In this context, the government’s commitment to maintaining employment, consumer and environmental standards post-Brexit is a natural extension of its domestic programme.
Doing things differently in some unspecified way
What this ideological transformation means for the forthcoming negotiations on the UK-EU future partnership is unclear. The debate until now has been between those who want a model of close alignment with the EU post-Brexit and those who want the maximum flexibility to diverge once we leave.
But the political fluctuations over the past five years have rendered the question of divergence devoid of any substantive meaning. If divergence is about deregulation, then this flies in the face of public opinion and, indeed, much of the current Cabinet. It would be interpreted by many as a betrayal of those leave voters who were in large part fundamentally opposed to a shrinking of the state and unaware that their vote could be interpreted as such.
But if divergence is about strengthening regulations and expanding the role of the state, then it is largely pointless, since in most cases the EU sets minimum standards for harmonisation and does not restrict, for instance, stronger working time rules (see France) or tighter caps on bankers’ bonuses (see the Netherlands). Even EU state aid rules are largely compatible with an active industrial policy and the nationalisation of strategic industries. Even EU state aid rules are largely compatible with an active industrial policy and the nationalisation of strategic industries.

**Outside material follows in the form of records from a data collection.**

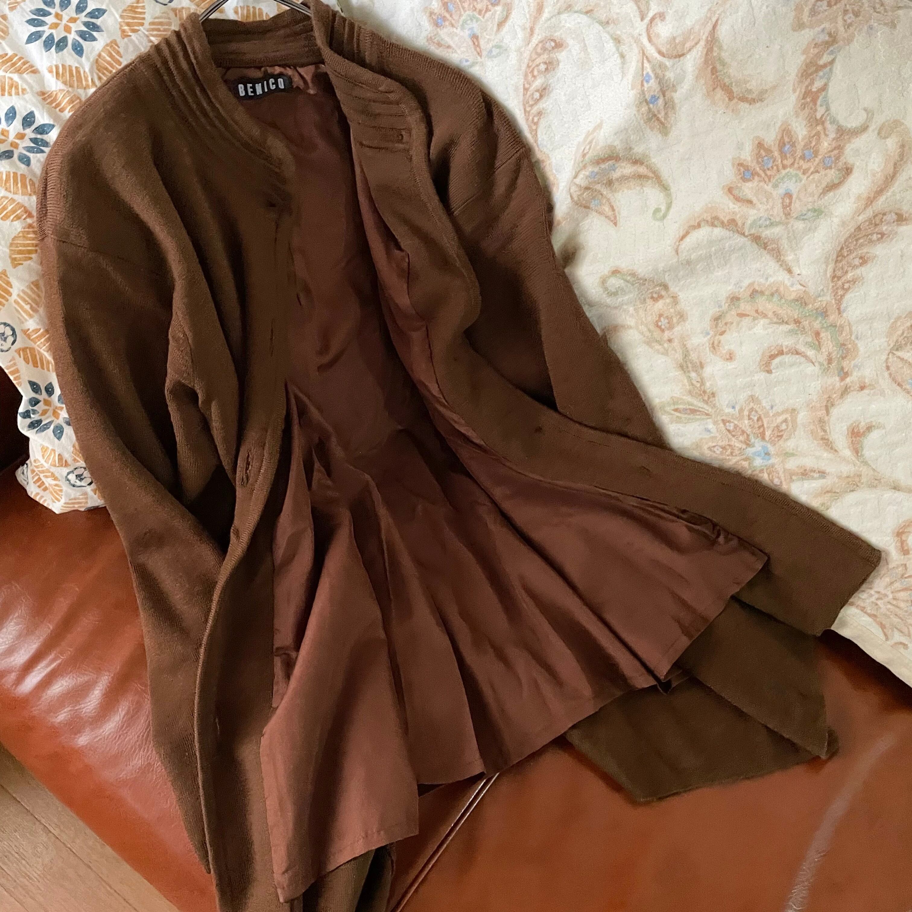 80-90s ブラウン ニットコート 昭和レトロヴィンテージ古着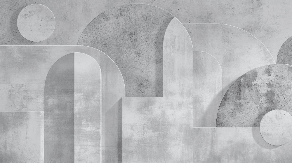Ce papier peint géométrique présente une composition sophistiquée d'arcs architecturaux et de formes circulaires rendues dans des nuances raffinées de gris. La finition texturée semblable au béton crée un jeu saisissant de lumière et d'ombre, tandis que les lignes épurées et les formes art déco qui se chevauchent établissent un sens de profondeur et de dimension. La palette de couleurs minimaliste met en valeur la géométrie élégante, créant une interprétation moderne des éléments architecturaux classiques.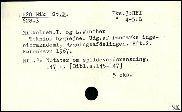 Teknisk hygiejne. Udg.af Danmarks ingeniørakademi, Bygningsafdelingen. Hft.2. København 19&7. Hft'.2: Notater om spildevandsrensning.

Divergence therefore comes down to a matter of ‘doing things differently’ in some unspecified way. Yet such a move would almost certainly face widespread opposition from business – who, all things being equal, find it easier to work with similar cross-border regulations rather than different ones. Shorn of a ‘cutting red tape’ agenda, divergence would therefore do little other than frustrate the very people it was originally designed to help.
We can leave the EU, but not Europe…
As a result, the shift in the underlying ideology of Brexit strengthens the case for a high-alignment relationship between the UK and the EU. Indeed, the European Council guidelines require a ‘level playing field’ – including aligned rules on tax, state aid, and social, environmental and regulatory measures – even for a limited UK-EU FTA.

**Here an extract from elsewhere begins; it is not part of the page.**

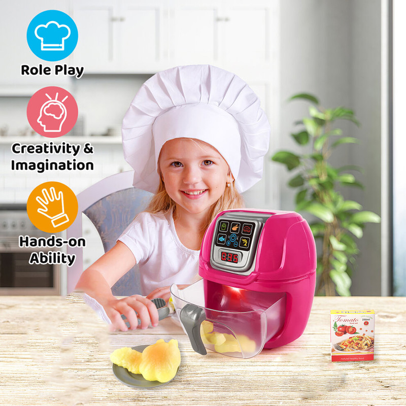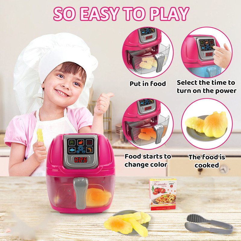اجازه دهید کودکانتان دنیای آشپزی را با این ست آشپزخانه سرگرم کننده شبیه سازی کودکان کشف کنند! با عملکردهای واقعی، صفحه نمایش روشن و جلوه های صوتی، این اسباب بازی سرخ کن فر تضمینی برای ساعت ها سرگرمی است. بچه ها می توانند تجربه لمسی پخت را با یک حسگر هوشمند کشف کنند و شاهد تغییر رنگ مواد واقعی باشند.این اسباببازی سرخکن وانمود میکند که تجربه بازی سرگرمکنندهای را برای بچهها فراهم میکند، غذای تغییر رنگ، دکمههای کاربردی و چراغ های زیبایی دارد. چند منظوره است، انواع زمان پخت غذا را شبیه سازی می کند و تعداد زمان را نمایش می دهد.این یک اسباببازی سرخکن شبیهسازی شده است که کودکان اجازه میدهد تا تغییر رنگ مواد را هنگام پخت مشاهده کنند و در فرآیند بازی به شناخت غذا و تعامل اجتماعی دست یابند. وقتی فر با غذا خارج می شود، تایمر زمان بندی را متوقف می کند.

This means that even a future partnership that prioritises divergence would still require considerable alignment in practice – hence the UK’s concerns about a deal that offers “the rights of Canada and the obligations of Norway”. On the other hand, a high-alignment model – along the lines of IPPR’s ‘Shared Market’ proposal – would ensure closely aligned regulations alongside a concomitant level of access.
An agreement of this type would help to guarantee the high level of access we need while acknowledging UK and EU regulations will remain closely aligned in future.
Given the weak political case for divergence, and given the EU’s geographical proximity and importance as a trading partner, the alternative would simply be unilateral alignment without a corresponding right of market access.
As David Cameron said in his Bloomberg speech, “if we leave the EU, we cannot of course leave Europe. It will remain for many years our biggest market, and forever our geographical neighbourhood.” This part of the speech, at least, has stood the test of time.